I would make waterproof signs and tie them to the trees with baling twine. Then, you can put THAT on the thread, too. =b


----------



## Dustbunny (Oct 22, 2012)

Lack of respect! For others, the land, themselves. It seems to be a major issue these days.

Personally, I'm for eliminating pigs, gang-bangers and criminals from the planet. It's a nice dream!


----------



## tiffrmcoy (Apr 13, 2012)

A very nice dream indeed dustbunny I happen to share it with you. I am also tired of all the litter on trails I ride down to the river about a mile away from my barn and the trails and river are always littered with MacDonald's trash, beer cans, and liquor bottles its a horrible site to see because its a very pretty area to ride.


----------



## its lbs not miles (Sep 1, 2011)

While cans, paper and plastic is unsightly and unpleasant it's the glass that chafes my backside. I spend more time riding along roads than on trails and broken glass is my second greatest concern (behind some drunk or someone playing with their cell). Knock on wood I've managed to always avoid it for 40 years so far, but I shouldn't have to worry about it. I've even found bottles in my front pasture, which has hwy frontage, at times.


----------



## Dustbunny (Oct 22, 2012)

Darrin mentioned that we don't see a lot of litter on the trails here. True...and I am so thankful. But you sure see it along the roadways. So far trail users seem to be interested in keeping their favorites clean.


----------



## jamesqf (Oct 5, 2009)

Cloudlover said:


> The one thing that is really upsetting me is that all the litter that I see on the trails is from trail riders, not hikers or bicyclists, but trail riders and to me that makes all of us other trail riders look bad.

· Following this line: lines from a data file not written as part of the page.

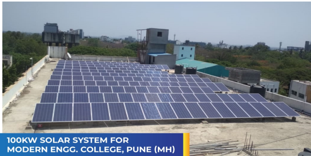
100KW SOLAR SYSTEM FOR MODERN ENGG. COLLEGE, PUNE (MH)
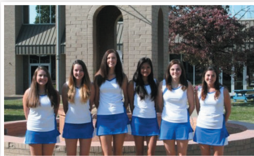
The 2015 Women's Tennis team finished their season with a 5-6 record.
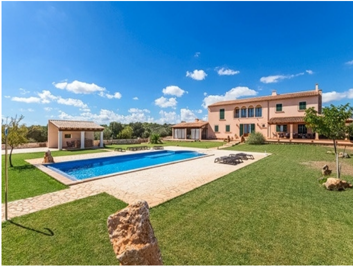
Finca with large plot of 21,000 sqm
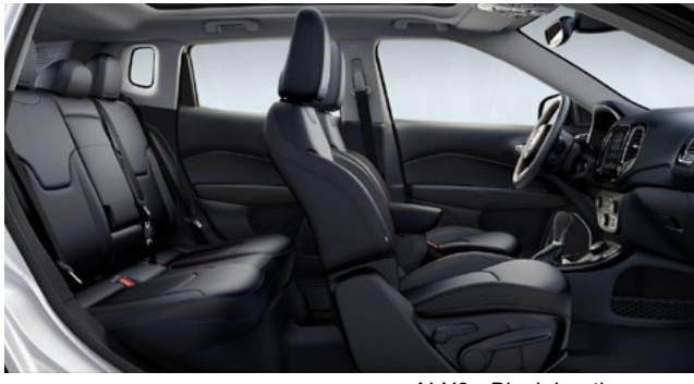
ALX9 - Black Leather
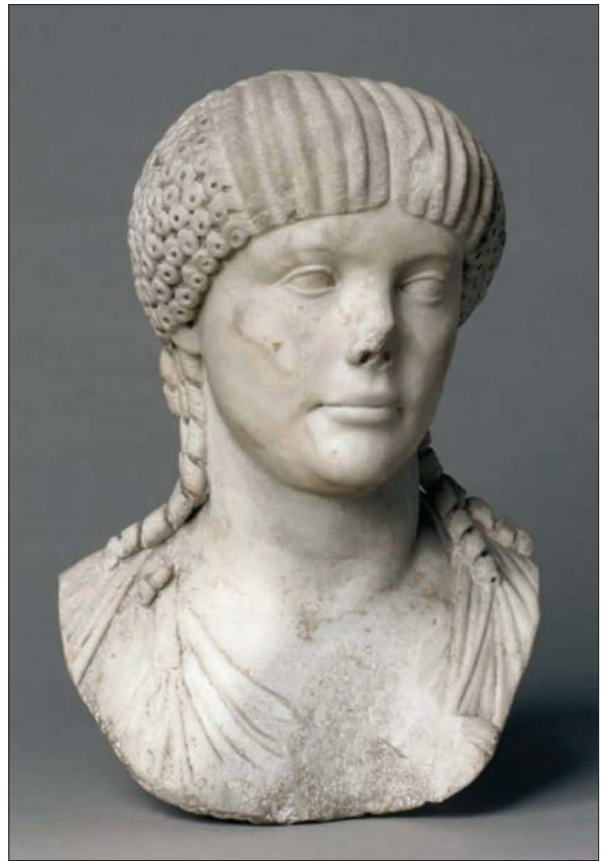
Fig. 12. Portrait head of a Roman lady (Octavia, wife of Nero), the Cleveland Museum of Art, inv. no. 103 (after Howard 1926, 9, fig. 2).
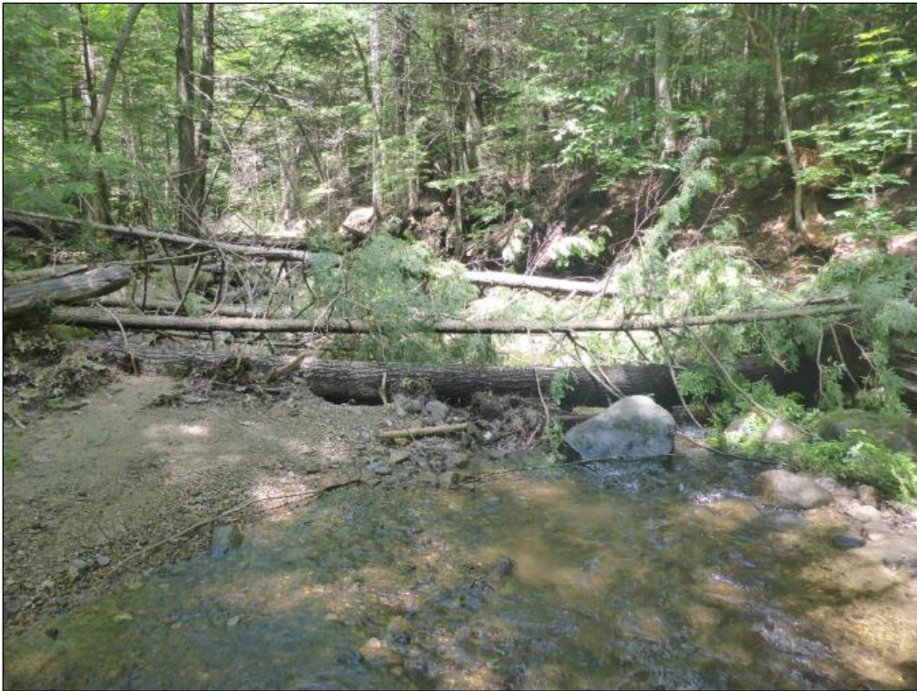
Installation Site 50: N 43.56034°, W -71.36129°. Three eastern hemlock were added to this location.

Why do you think that? I hike & bike on a lot of trails & dirt roads where pretty much no one rides horses, and see lots of litter. Indeed, I see most of the litter on the roads and trails that are open to vehicles, virtually none where only foot & horse (and sometimes bike) traffic is allowed.

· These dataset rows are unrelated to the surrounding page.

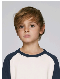
Mini Scouts Contrast
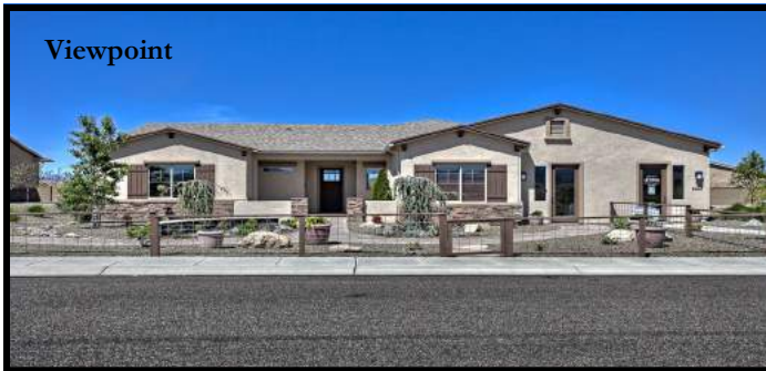
For Lease! Viewpoint, Beautifully Upgraded Move in Ready, Single Level Home. 3BD + Den/Office, 2BA/3GAR, 2103 SqFt. (Previous Dorn Homes Model Home) Lrg Open Concept Granite Kitchen. Avail. January 8270 N Sage Vista, PV 2,000 per mo.
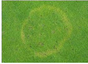
Brown Patch ( Rhizoctonia solani )
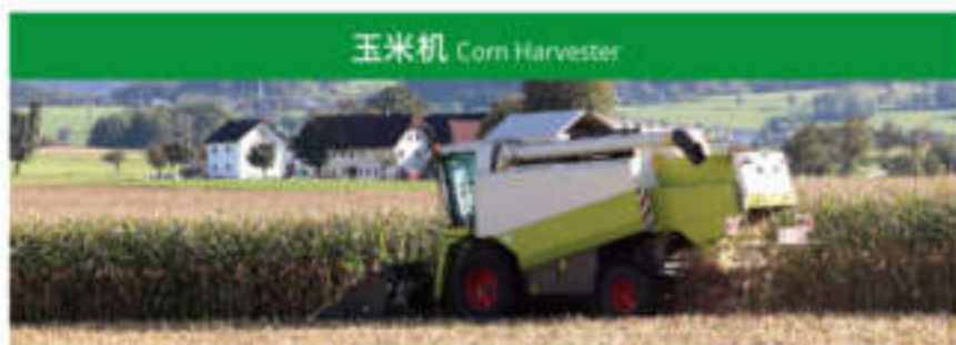
玉米机 Corn Harvester
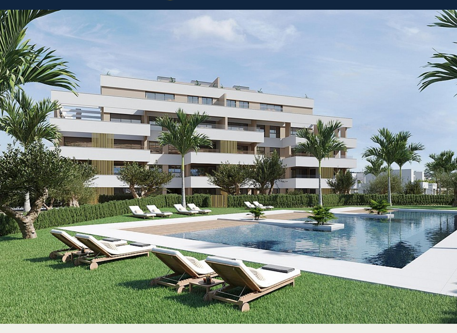
Lägenhet i Torre Pacheco - Nyproduktion

I also seldom come back from hiking or biking these places without having picked up a few cans & bottles to put in my recycling.


----------



## texasgal (Jul 25, 2008)

its lbs not miles said:


> While cans, paper and plastic is unsightly and unpleasant* it's the glass that chafes my backside*. I spend more time riding along roads than on trails and broken glass is my second greatest concern (behind some drunk or someone playing with their cell). Knock on wood I've managed to always avoid it for 40 years so far, but I shouldn't have to worry about it. I've even found bottles in my front pasture, which has hwy frontage, at times.


This. My post was going to be:

Silver Lining ... they aren't bottles.


----------



## Cloudlover (Oct 14, 2012)

jamesqf said:


> Why do you think that? I hike & bike on a lot of trails & dirt roads where pretty much no one rides horses, and see lots of litter. Indeed, I see most of the litter on the roads and trails that are open to vehicles, virtually none where only foot & horse (and sometimes bike) traffic is allowed.
> 
> I also seldom come back from hiking or biking these places without having picked up a few cans & bottles to put in my recycling.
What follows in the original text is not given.